Somewhere below are a line with "Central Coalfields Limited" and a later line with "Confezione di sacchetti". Output exactly those lines and all lines between them.

# Excerpted data
□ □ □ □

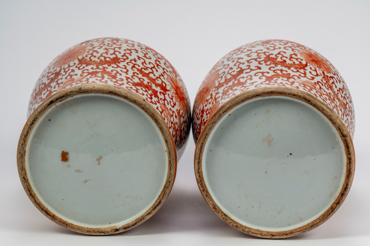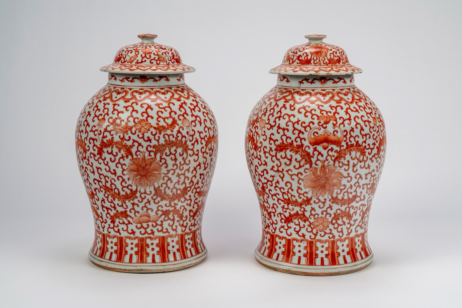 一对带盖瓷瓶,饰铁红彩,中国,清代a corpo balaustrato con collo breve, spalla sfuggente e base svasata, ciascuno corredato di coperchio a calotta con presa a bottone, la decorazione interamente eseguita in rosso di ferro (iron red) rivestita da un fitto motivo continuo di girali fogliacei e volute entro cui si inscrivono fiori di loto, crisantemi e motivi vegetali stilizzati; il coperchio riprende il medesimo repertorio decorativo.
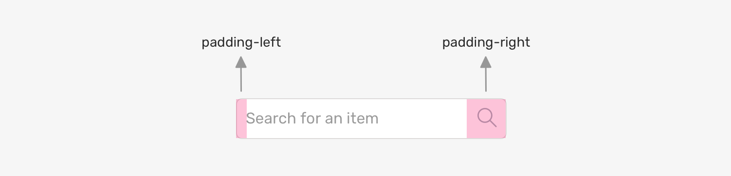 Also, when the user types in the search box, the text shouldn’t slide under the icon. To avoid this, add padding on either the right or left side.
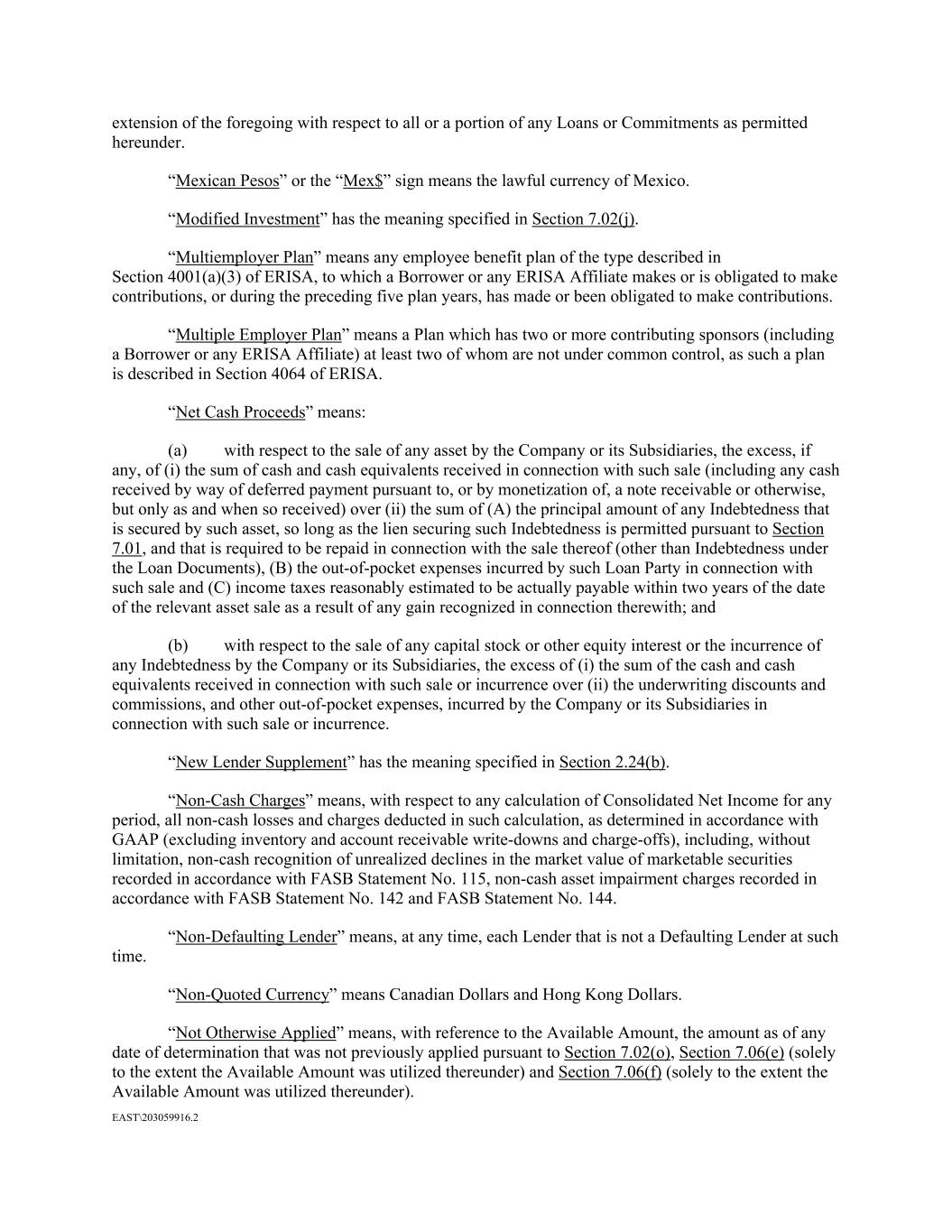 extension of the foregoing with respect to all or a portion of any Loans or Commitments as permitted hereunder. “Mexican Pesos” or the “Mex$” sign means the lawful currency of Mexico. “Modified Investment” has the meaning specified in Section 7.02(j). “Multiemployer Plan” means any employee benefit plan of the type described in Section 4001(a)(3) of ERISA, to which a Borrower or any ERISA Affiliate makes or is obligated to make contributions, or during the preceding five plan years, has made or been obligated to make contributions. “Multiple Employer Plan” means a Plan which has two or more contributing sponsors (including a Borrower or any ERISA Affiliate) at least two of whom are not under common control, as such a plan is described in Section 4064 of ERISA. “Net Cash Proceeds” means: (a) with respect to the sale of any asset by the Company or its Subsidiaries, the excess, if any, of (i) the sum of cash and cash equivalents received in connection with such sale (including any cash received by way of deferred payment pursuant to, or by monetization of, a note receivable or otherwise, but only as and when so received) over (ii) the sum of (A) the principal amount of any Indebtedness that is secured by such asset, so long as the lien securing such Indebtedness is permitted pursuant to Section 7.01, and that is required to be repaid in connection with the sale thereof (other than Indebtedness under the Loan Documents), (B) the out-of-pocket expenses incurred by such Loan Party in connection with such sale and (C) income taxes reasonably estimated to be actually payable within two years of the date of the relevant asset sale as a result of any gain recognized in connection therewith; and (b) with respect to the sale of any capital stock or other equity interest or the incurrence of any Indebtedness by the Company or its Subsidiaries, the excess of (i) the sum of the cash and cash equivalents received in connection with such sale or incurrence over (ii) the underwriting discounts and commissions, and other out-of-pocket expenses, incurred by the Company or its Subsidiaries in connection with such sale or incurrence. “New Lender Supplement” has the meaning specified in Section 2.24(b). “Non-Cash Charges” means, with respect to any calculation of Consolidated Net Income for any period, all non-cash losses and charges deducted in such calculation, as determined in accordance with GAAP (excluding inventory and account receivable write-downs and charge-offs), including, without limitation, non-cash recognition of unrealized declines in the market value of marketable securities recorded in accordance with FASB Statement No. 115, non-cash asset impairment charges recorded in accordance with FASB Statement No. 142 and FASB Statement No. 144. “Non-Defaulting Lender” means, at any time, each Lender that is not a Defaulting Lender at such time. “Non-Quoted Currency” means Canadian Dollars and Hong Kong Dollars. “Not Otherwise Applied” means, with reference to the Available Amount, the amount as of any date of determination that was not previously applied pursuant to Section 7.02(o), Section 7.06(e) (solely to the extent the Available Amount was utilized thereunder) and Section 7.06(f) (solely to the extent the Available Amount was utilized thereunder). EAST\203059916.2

□ □ □ □

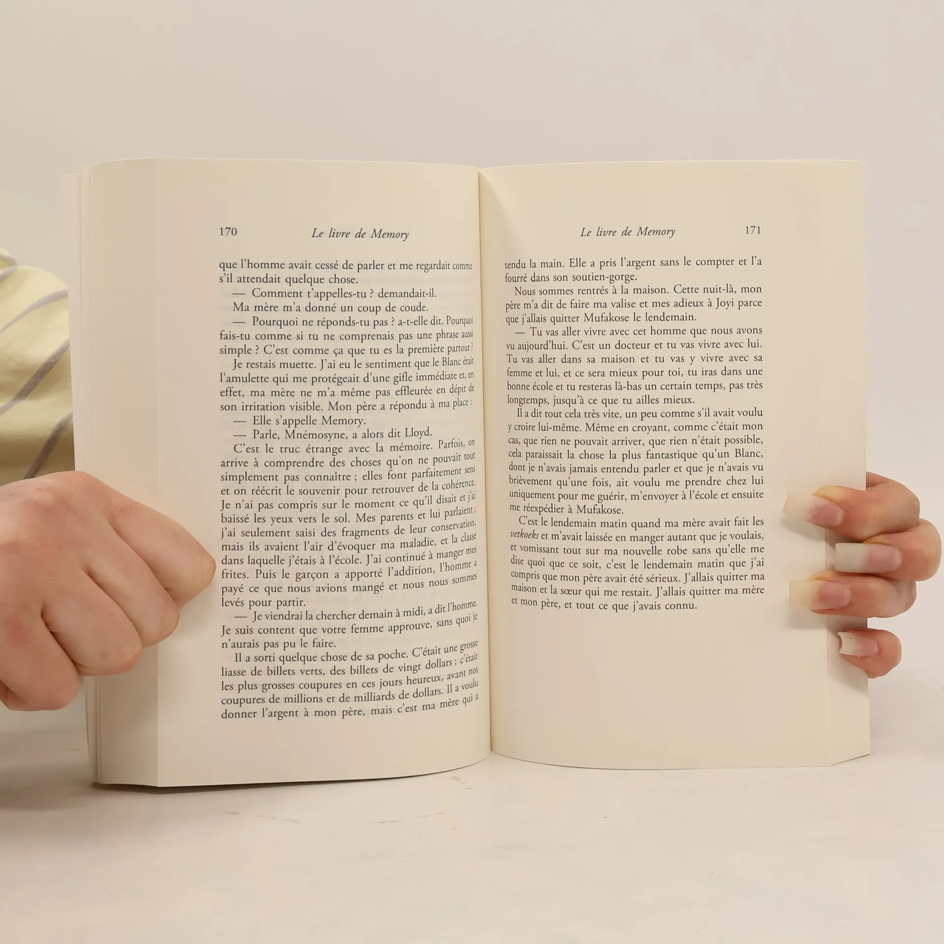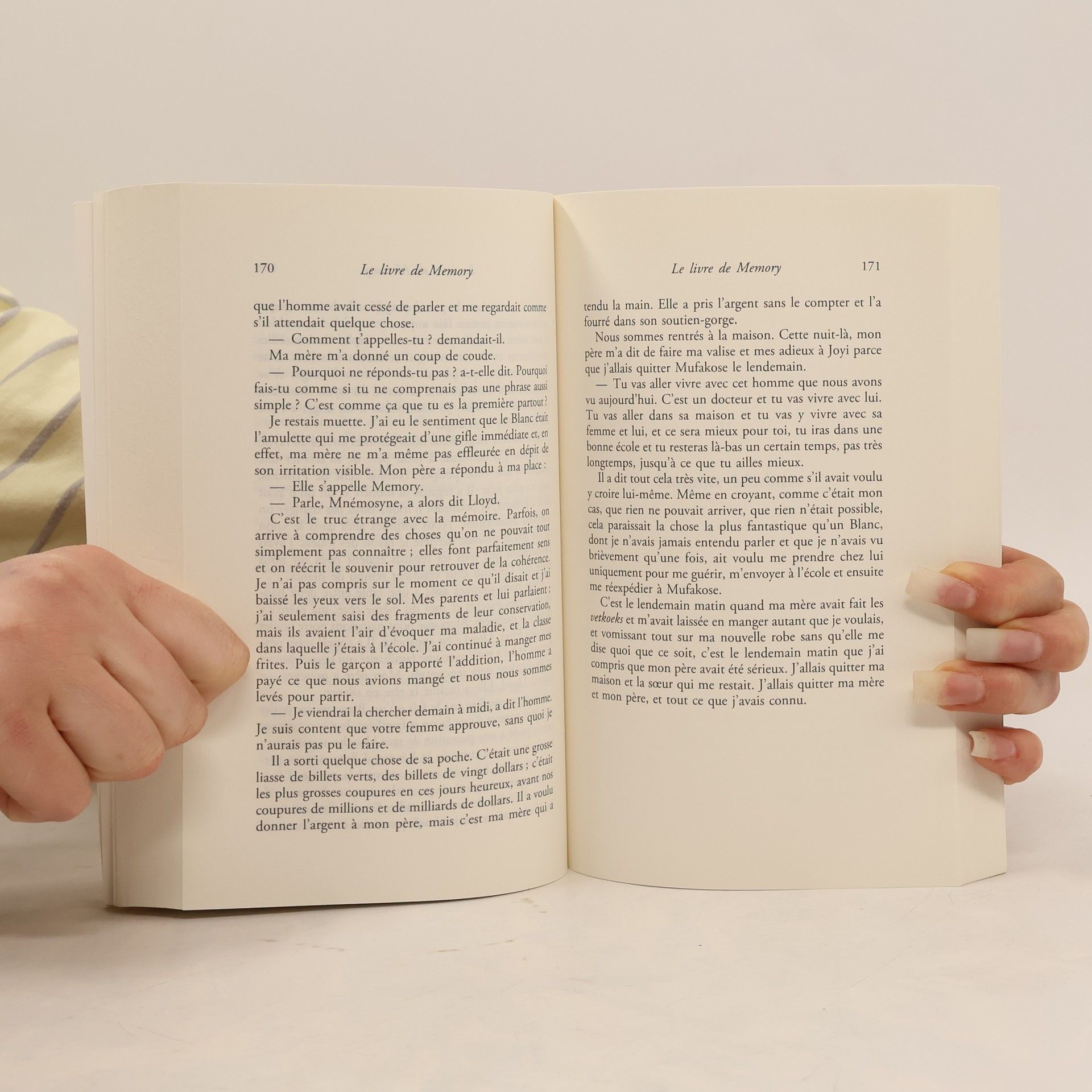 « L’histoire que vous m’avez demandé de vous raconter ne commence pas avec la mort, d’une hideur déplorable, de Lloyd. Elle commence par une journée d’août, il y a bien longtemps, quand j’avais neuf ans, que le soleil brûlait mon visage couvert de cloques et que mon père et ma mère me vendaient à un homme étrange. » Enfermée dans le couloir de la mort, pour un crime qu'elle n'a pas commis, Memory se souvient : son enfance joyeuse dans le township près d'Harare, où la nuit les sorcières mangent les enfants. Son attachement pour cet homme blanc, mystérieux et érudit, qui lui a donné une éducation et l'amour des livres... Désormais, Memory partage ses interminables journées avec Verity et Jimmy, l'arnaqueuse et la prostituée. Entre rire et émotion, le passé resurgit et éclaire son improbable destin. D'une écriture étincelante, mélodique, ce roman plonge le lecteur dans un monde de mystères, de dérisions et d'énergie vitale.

□ □ □ □

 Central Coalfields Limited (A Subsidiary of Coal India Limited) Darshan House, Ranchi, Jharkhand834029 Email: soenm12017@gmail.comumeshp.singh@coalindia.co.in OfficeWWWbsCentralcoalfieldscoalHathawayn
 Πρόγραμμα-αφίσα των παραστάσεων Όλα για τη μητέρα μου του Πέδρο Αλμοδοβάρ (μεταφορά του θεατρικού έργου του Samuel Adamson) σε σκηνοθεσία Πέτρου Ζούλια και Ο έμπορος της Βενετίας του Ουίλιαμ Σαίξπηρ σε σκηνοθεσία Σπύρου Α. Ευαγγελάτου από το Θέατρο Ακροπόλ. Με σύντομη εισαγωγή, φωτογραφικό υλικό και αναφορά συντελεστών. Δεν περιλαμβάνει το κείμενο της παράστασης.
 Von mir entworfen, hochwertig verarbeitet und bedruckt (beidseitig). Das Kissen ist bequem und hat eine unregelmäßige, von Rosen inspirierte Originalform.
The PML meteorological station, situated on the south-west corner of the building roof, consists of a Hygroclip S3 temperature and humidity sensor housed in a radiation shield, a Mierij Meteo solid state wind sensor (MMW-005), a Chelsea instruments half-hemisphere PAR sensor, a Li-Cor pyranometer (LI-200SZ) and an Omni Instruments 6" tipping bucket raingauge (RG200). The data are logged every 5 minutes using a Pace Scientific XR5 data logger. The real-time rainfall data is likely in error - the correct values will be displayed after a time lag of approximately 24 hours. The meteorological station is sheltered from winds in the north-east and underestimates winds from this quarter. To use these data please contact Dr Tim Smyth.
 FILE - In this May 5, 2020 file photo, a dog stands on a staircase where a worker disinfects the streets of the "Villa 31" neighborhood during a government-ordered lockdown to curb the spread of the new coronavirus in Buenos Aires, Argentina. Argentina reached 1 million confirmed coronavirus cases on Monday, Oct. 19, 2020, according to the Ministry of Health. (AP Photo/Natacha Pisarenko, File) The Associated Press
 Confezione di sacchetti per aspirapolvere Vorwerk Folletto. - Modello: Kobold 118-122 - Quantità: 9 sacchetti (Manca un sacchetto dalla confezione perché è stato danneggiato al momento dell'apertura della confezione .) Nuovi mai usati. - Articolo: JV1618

□ □ □ □

# Exercise result
 Central Coalfields Limited (A Subsidiary of Coal India Limited) Darshan House, Ranchi, Jharkhand834029 Email: soenm12017@gmail.comumeshp.singh@coalindia.co.in OfficeWWWbsCentralcoalfieldscoalHathawayn
 Πρόγραμμα-αφίσα των παραστάσεων Όλα για τη μητέρα μου του Πέδρο Αλμοδοβάρ (μεταφορά του θεατρικού έργου του Samuel Adamson) σε σκηνοθεσία Πέτρου Ζούλια και Ο έμπορος της Βενετίας του Ουίλιαμ Σαίξπηρ σε σκηνοθεσία Σπύρου Α. Ευαγγελάτου από το Θέατρο Ακροπόλ. Με σύντομη εισαγωγή, φωτογραφικό υλικό και αναφορά συντελεστών. Δεν περιλαμβάνει το κείμενο της παράστασης.
 Von mir entworfen, hochwertig verarbeitet und bedruckt (beidseitig). Das Kissen ist bequem und hat eine unregelmäßige, von Rosen inspirierte Originalform.
The PML meteorological station, situated on the south-west corner of the building roof, consists of a Hygroclip S3 temperature and humidity sensor housed in a radiation shield, a Mierij Meteo solid state wind sensor (MMW-005), a Chelsea instruments half-hemisphere PAR sensor, a Li-Cor pyranometer (LI-200SZ) and an Omni Instruments 6" tipping bucket raingauge (RG200). The data are logged every 5 minutes using a Pace Scientific XR5 data logger. The real-time rainfall data is likely in error - the correct values will be displayed after a time lag of approximately 24 hours. The meteorological station is sheltered from winds in the north-east and underestimates winds from this quarter. To use these data please contact Dr Tim Smyth.
 FILE - In this May 5, 2020 file photo, a dog stands on a staircase where a worker disinfects the streets of the "Villa 31" neighborhood during a government-ordered lockdown to curb the spread of the new coronavirus in Buenos Aires, Argentina. Argentina reached 1 million confirmed coronavirus cases on Monday, Oct. 19, 2020, according to the Ministry of Health. (AP Photo/Natacha Pisarenko, File) The Associated Press
 Confezione di sacchetti per aspirapolvere Vorwerk Folletto. - Modello: Kobold 118-122 - Quantità: 9 sacchetti (Manca un sacchetto dalla confezione perché è stato danneggiato al momento dell'apertura della confezione .) Nuovi mai usati. - Articolo: JV1618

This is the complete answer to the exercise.